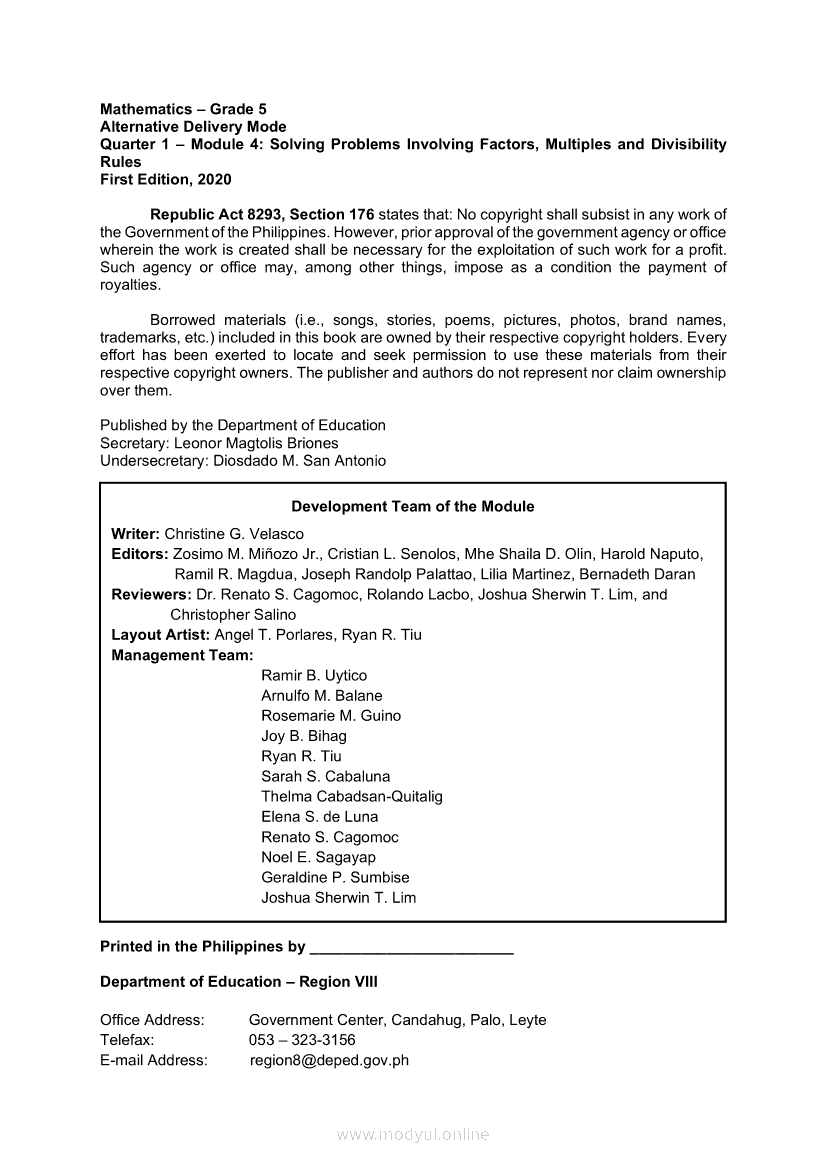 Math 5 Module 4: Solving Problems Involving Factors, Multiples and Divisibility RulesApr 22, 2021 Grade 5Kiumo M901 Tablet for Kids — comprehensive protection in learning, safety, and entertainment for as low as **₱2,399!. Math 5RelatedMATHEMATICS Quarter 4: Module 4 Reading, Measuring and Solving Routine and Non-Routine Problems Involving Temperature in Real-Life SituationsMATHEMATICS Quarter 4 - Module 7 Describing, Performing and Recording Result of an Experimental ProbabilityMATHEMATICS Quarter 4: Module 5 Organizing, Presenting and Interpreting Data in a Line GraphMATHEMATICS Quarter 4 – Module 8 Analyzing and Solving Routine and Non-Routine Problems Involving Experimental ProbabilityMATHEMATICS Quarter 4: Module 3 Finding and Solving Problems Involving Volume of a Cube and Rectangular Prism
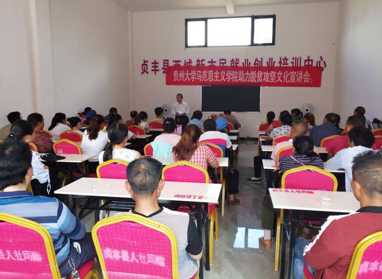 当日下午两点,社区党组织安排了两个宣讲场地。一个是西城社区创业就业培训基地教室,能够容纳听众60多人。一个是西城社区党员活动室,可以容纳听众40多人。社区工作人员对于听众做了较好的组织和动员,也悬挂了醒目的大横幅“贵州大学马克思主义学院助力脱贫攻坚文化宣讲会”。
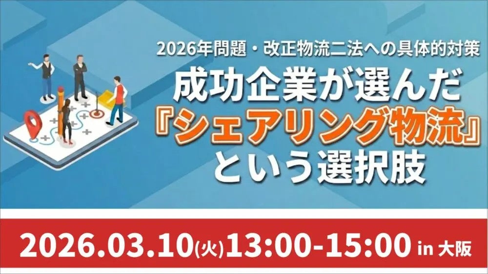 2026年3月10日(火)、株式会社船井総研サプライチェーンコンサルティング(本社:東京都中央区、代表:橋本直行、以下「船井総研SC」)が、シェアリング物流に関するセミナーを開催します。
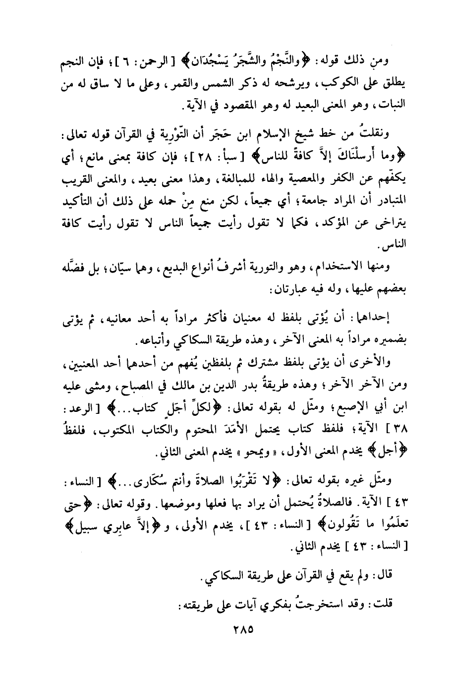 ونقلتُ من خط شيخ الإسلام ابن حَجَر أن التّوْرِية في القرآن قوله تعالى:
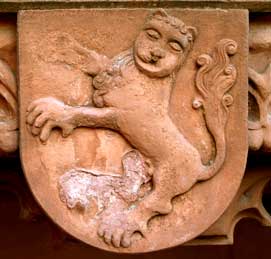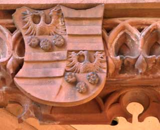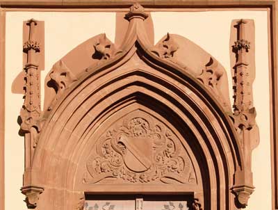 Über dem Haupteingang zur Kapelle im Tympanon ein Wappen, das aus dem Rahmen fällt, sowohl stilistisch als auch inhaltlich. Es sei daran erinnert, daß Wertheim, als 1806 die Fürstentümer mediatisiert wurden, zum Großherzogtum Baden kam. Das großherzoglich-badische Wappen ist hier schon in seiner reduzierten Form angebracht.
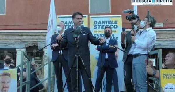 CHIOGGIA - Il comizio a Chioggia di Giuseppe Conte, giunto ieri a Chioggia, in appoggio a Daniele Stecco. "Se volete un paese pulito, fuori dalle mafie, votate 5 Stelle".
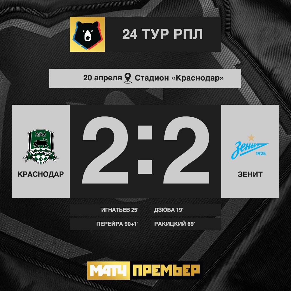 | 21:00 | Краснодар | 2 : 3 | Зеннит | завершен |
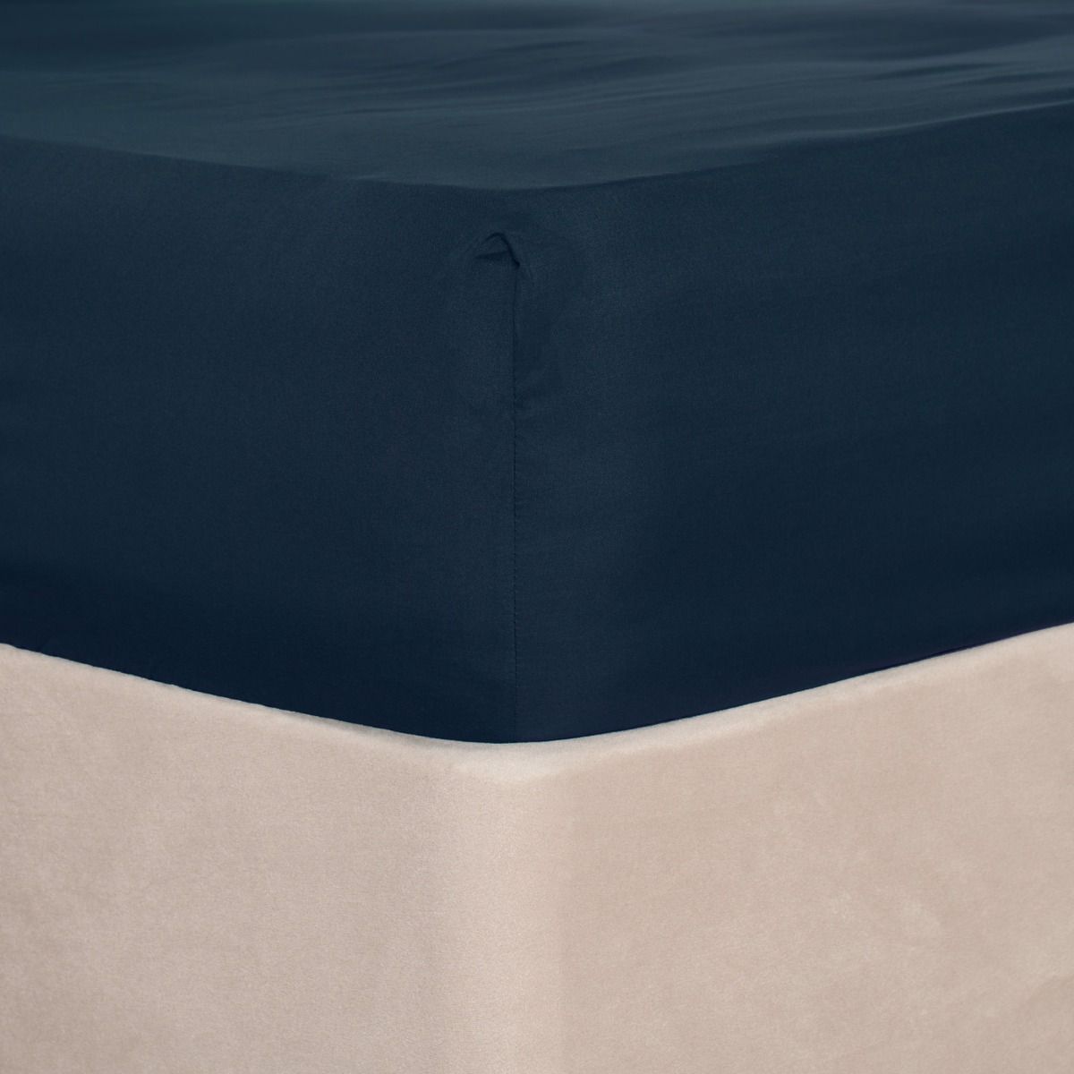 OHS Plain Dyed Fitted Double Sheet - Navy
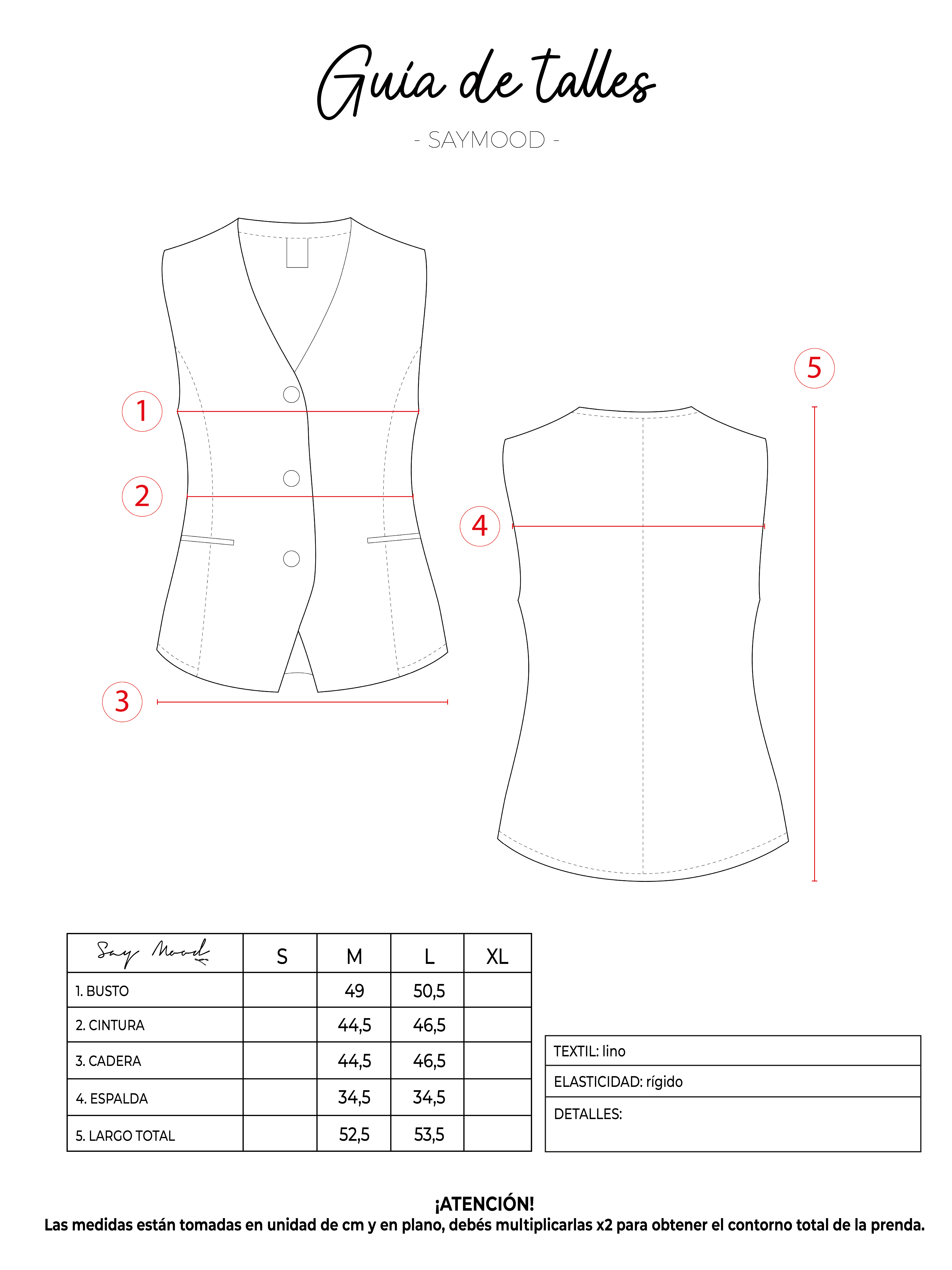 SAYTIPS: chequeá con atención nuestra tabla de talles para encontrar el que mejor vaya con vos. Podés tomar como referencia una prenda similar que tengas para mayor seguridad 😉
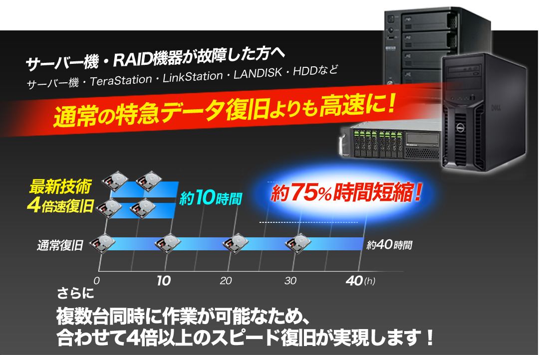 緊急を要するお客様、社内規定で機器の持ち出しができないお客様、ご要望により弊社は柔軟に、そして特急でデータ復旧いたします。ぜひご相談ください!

----------------------------------------

### REQUIREMENT
Exactly and only the lines from the one holding "Зеннит | завершен |" through the final line of the material must be returned, both ends included, without any pictures.

### EXERCISE RESULT
 | 21:00 | Краснодар | 2 : 3 | Зеннит | завершен |
 OHS Plain Dyed Fitted Double Sheet - Navy
 SAYTIPS: chequeá con atención nuestra tabla de talles para encontrar el que mejor vaya con vos. Podés tomar como referencia una prenda similar que tengas para mayor seguridad 😉
 緊急を要するお客様、社内規定で機器の持ち出しができないお客様、ご要望により弊社は柔軟に、そして特急でデータ復旧いたします。ぜひご相談ください!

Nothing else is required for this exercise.